- _Exercise details_
In this exercise, the entries below include pictures. Repeat exactly the lines from the line with "FACEBOOK: www.facebook.com/OdysseyHQ •" to the line with "Painting - applying underglaze marks", including both, but without the pictures.

(Entries taken from a collection)
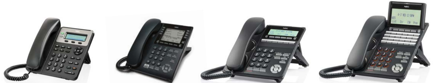
Mono: Easy call control from the office
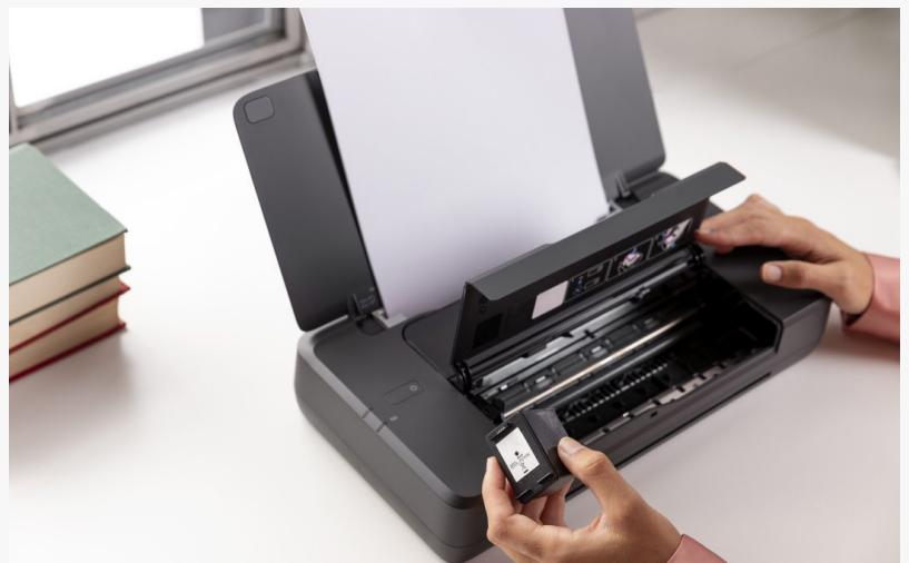
Great Toner Cartridge
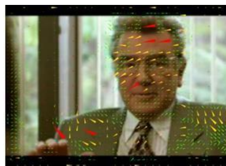
Fig.3: Variable BMA displacement vector

Variable-size block matching algorithms can be distinguished from each other by the technique of multi-resolution and splitting criterion as shown in "Fig.3". Some of the most common methods of variable size block matching procedures include: quad tree approach, polygon approximation [8] and binary partition trees [9]. The quad tree multiresolution approach splits an image frame into four partitions each time based on splitting criteria. In contrast, the polygon approximation approach use content based information of approximate different regions on an image containing polygons.
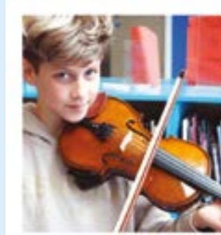
A young violinist at Prior Weston

If you wish to hear more about what we can offer your child, please contact us for more information or an appointment to meet me and look around the school. Get in touch at 020 7786 4800 or office@priorweston.islington.sch.uk
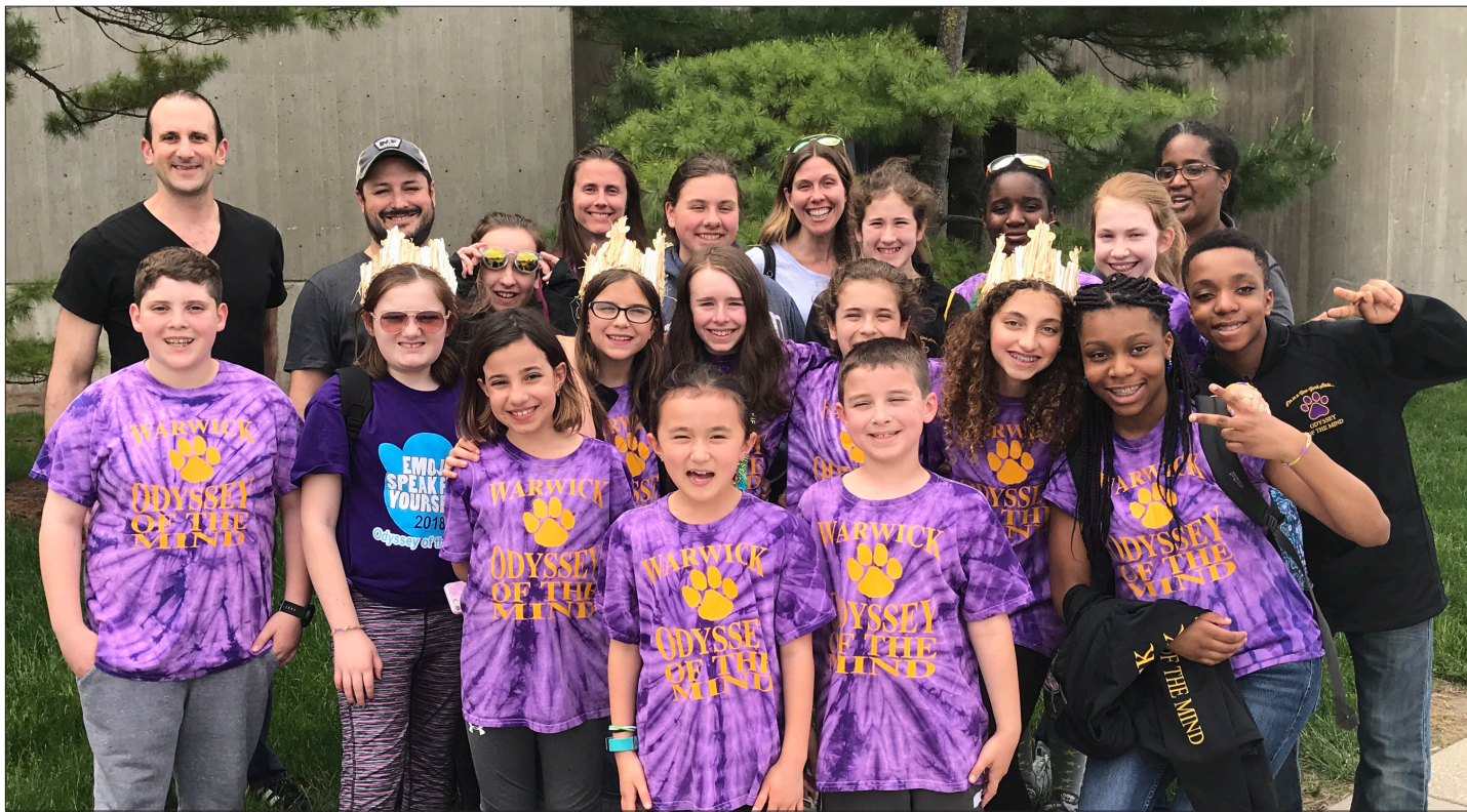
2018 Odyssey of the Mind Team from Warwick, New York

FACEBOOK: www.facebook.com/OdysseyHQ • TWITTER: @OdysseyHQ • HASHTAG: #odysseywf
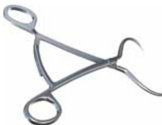
Reduction Forceps with Ratchet
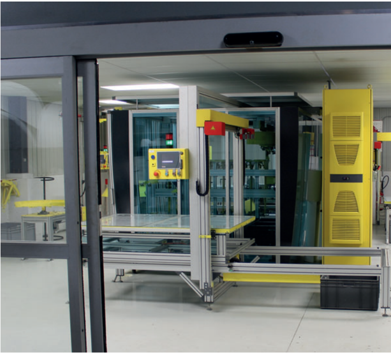
The heart of Perfect concrete manhole base production: The cutting center with 2D and 3D saws
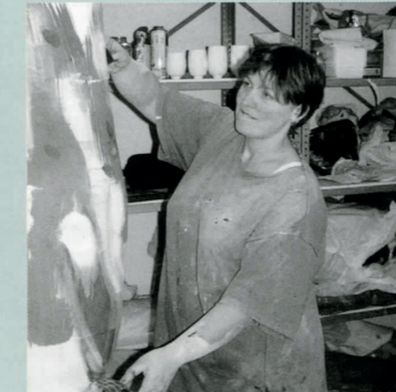
Painting - applying underglaze marks
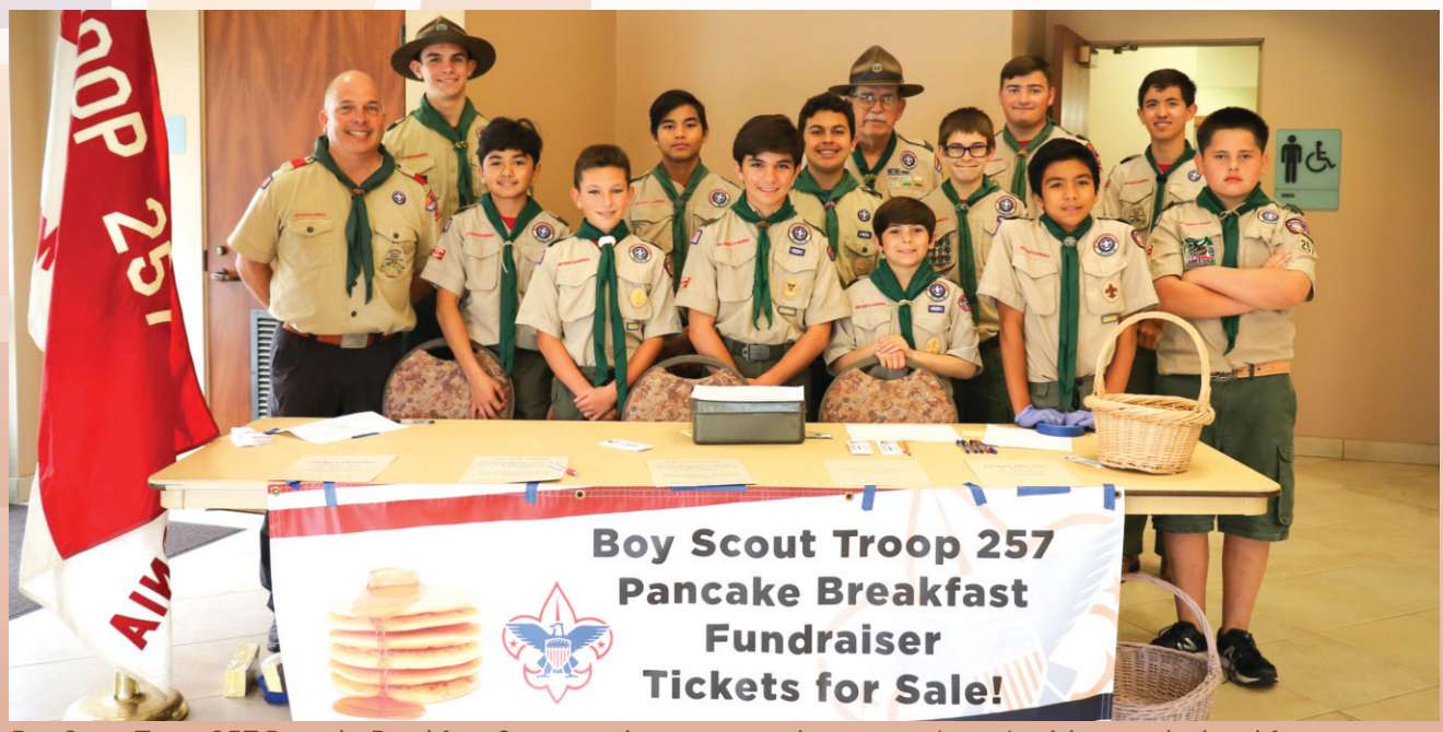
Boy Scout Troop 257 Pancake Breakfast. See more pics at www.padreserra.org/news/parish-pancake-breakfast

- _Response to the exercise_
FACEBOOK: www.facebook.com/OdysseyHQ • TWITTER: @OdysseyHQ • HASHTAG: #odysseywf
Reduction Forceps with Ratchet
The heart of Perfect concrete manhole base production: The cutting center with 2D and 3D saws
Painting - applying underglaze marks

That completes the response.